Awesome video from one of my subscriptions. enjoy.



https://youtu.be/yx6MvnD4CPk


----------



## Jim (Jan 5, 2017)

Great videos! That's some shallow water! Where is that?


Sent from my iPhone using Tapatalk


----------



## RiverBottomOutdoors (Jan 6, 2017)

Man, he ruined with the music. I'd rather hearthe motor running. Otherwise, pretty awesome.


----------



## Riverdog (Jan 6, 2017)

Jim said:


> Great videos! That's some shallow water! Where is that?
> 
> 
> Sent from my iPhone using Tapatalk




I think it's the Medina River in Texas.

Update, it's the upper part of the Brazos river.


----------



## rotus623 (Jan 25, 2017)

Wow, how shallow does that thing run???


----------



## handyandy (Jan 25, 2017)

Dang shallow water would like to hear that video with no music just boat and engine. Looks like it would be good fishing. If that river were up here would probably have some good smallmouth what kind of fish you get in your rivers


----------



## Ttexastom (Mar 14, 2017)

Wow, looks like georgia rivers. People do not what they are missing, running shallow water.


----------



## flex (Mar 14, 2017)

handyandy said:


> Dang shallow water would like to hear that video with no music just boat and engine. Looks like it would be good fishing. If that river were up here would probably have some good smallmouth what kind of fish you get in your rivers


Occasionally hit a small, mostly largemouth, white bass, crappie, cats, perch. Some lakes have hybrid stripers.

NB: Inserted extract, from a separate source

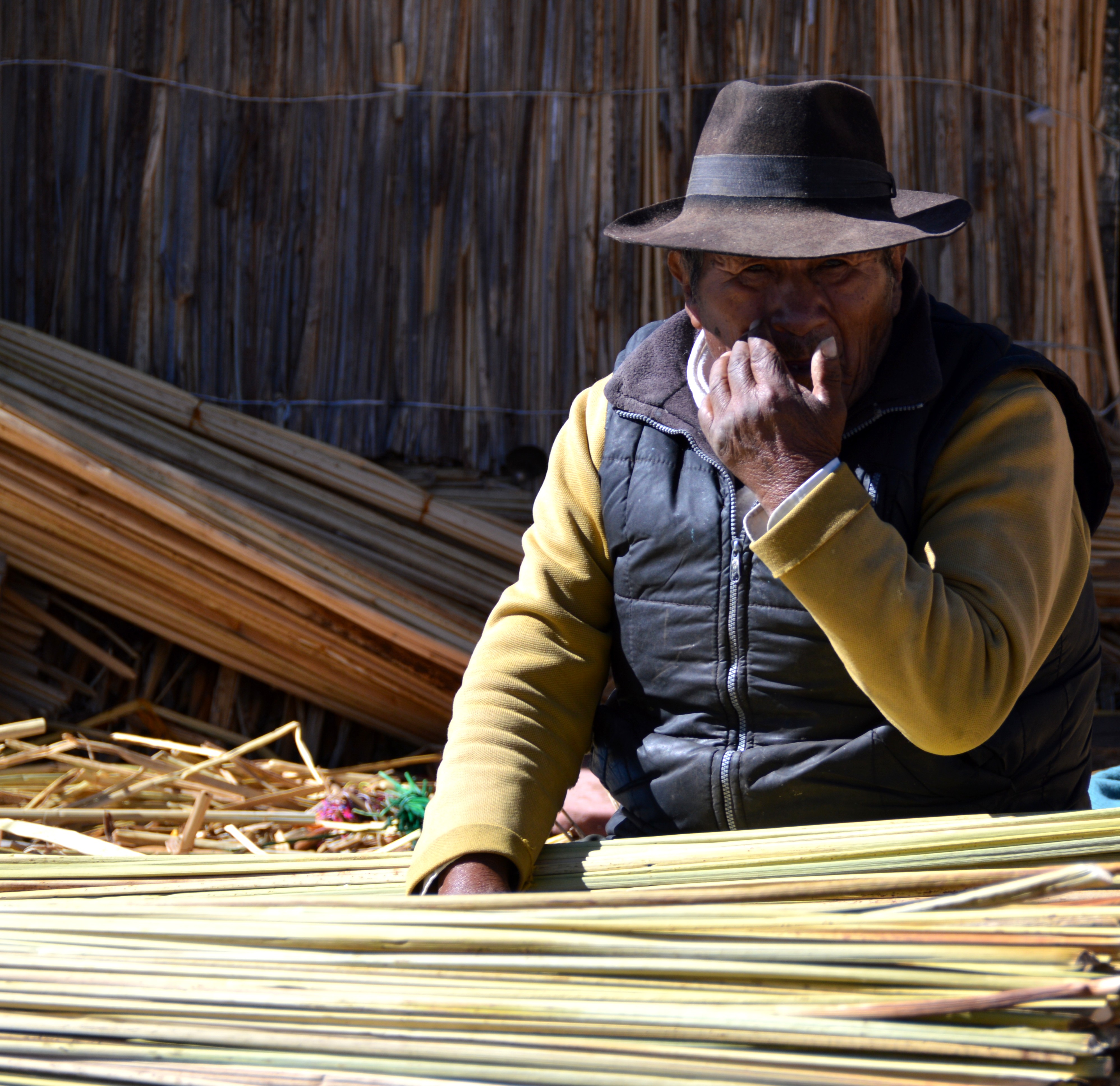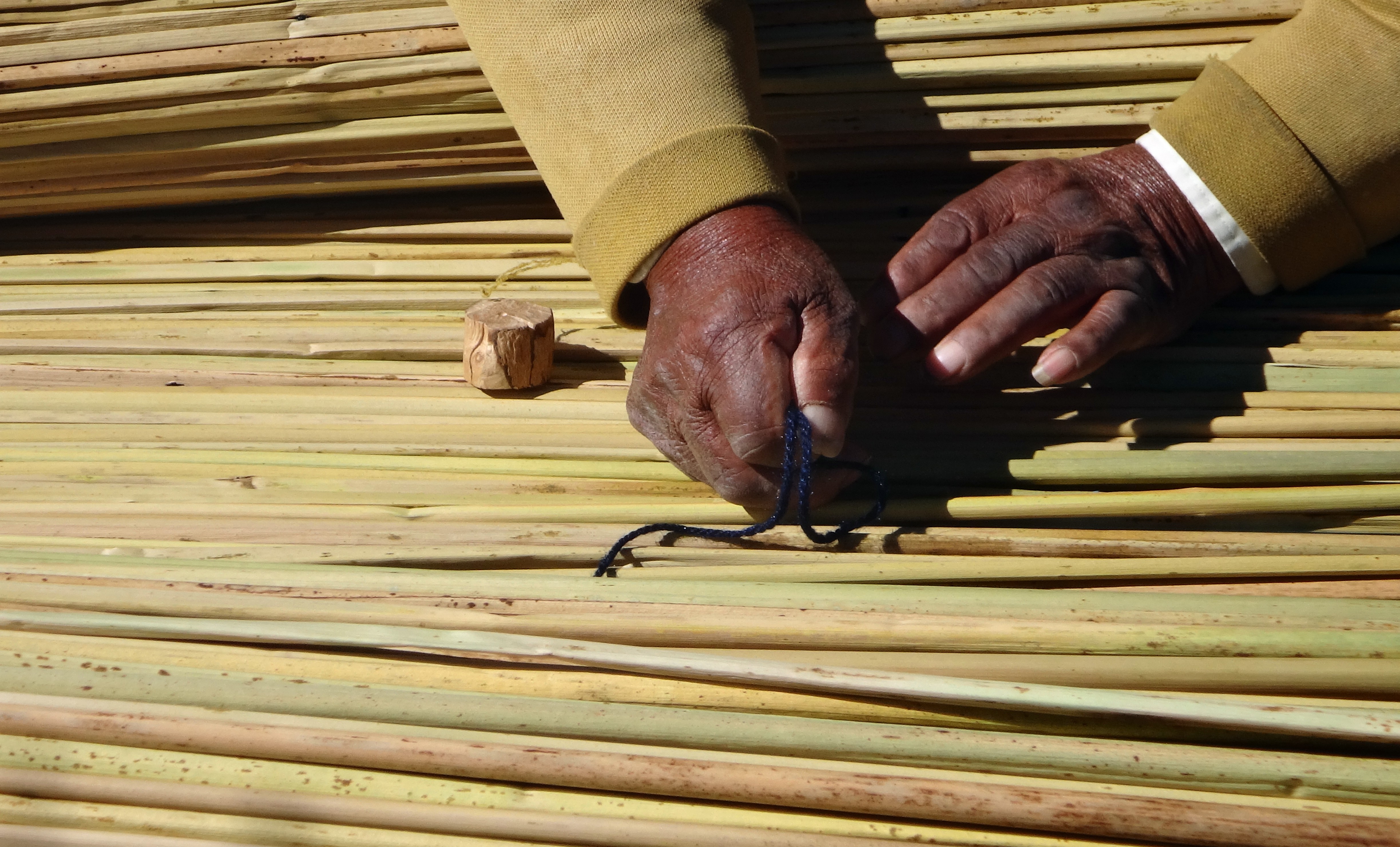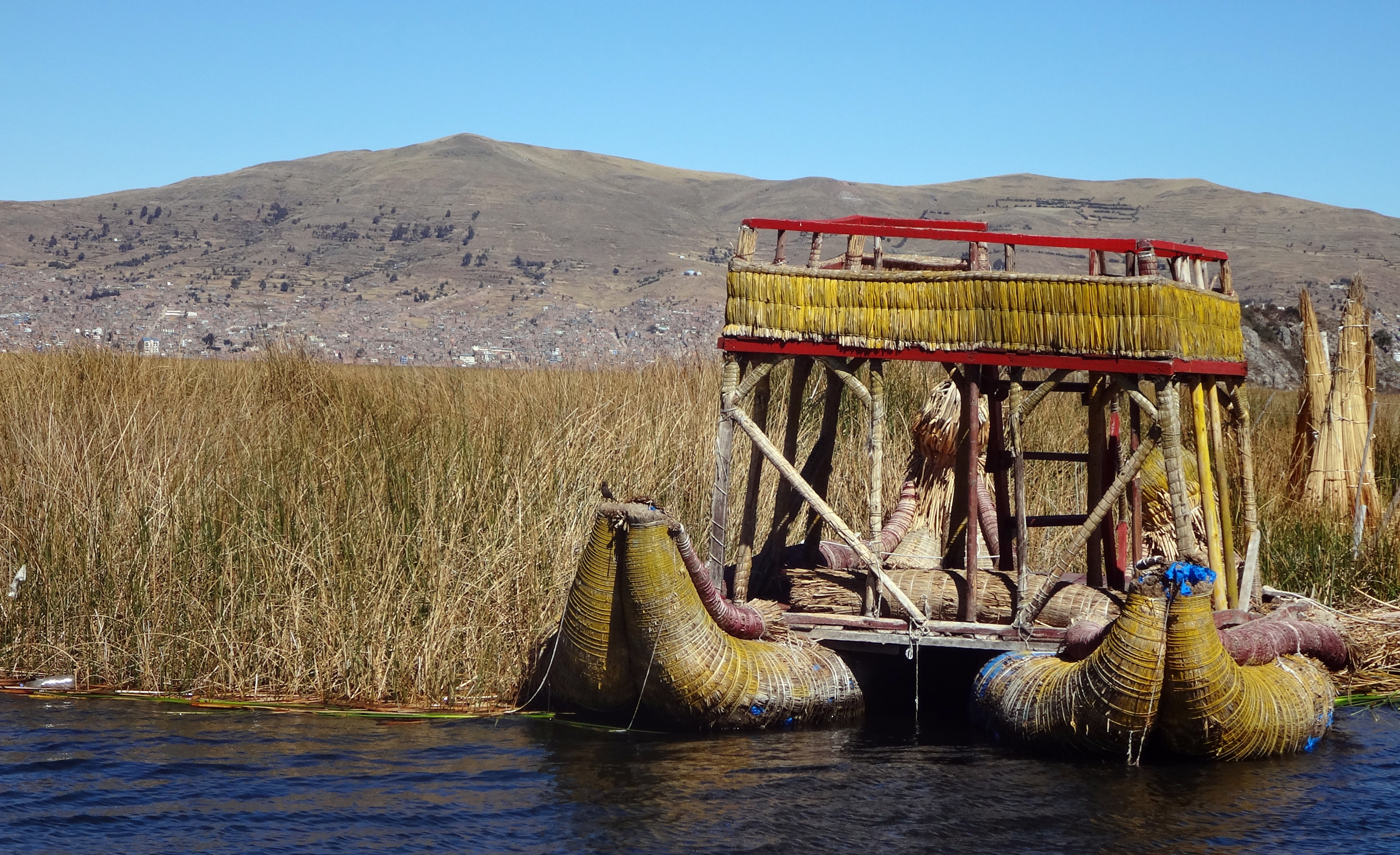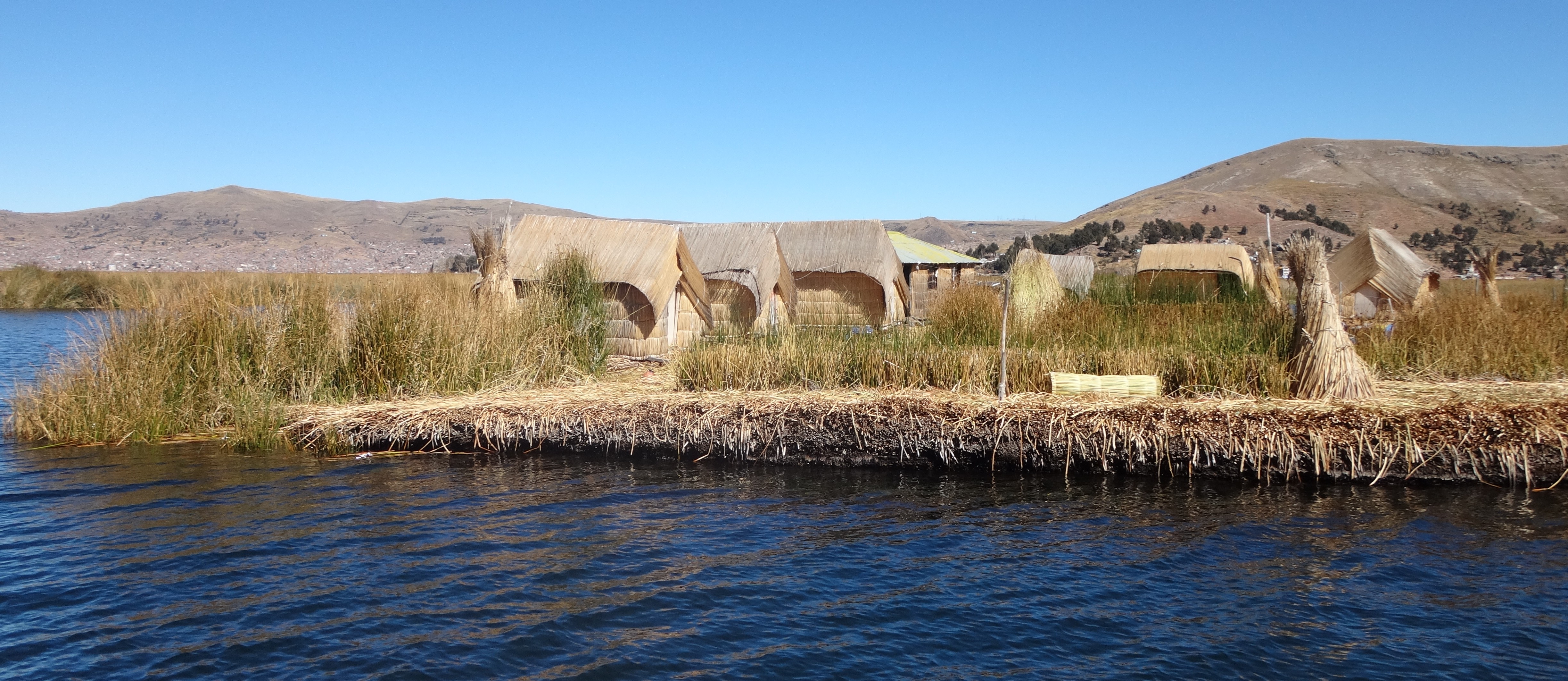 Ces îles sont construites grâce à plusieurs couches de totora (sorte de roseaux). Tous les 2 ou 3 mois il faut rajouter une couche car ça pourri par le fond au fur et à mesure, c’est ce pourrissement et les racines qui se développent autour qui permettent à l’île de flotter, elles sont ancrées par des pieux afin de ne pas trop se balader.

Sent from my HTC One M9 using Tapatalk


----------



## sokyfishing (Apr 16, 2017)

Great video. It was exciting and looked like​ a lot of fun

Sent from my Lenovo TAB 2 A10-70F using Tapatalk


----------



## lovedr79 (Apr 17, 2017)

great video, could have done without the music. i would like to see how that boat was setup.


----------



## gator1gear (Jun 27, 2018)

Beautiful River Run!


----------



## Bateman (Jun 28, 2018)

Two thumbs up. That is awesome.


----------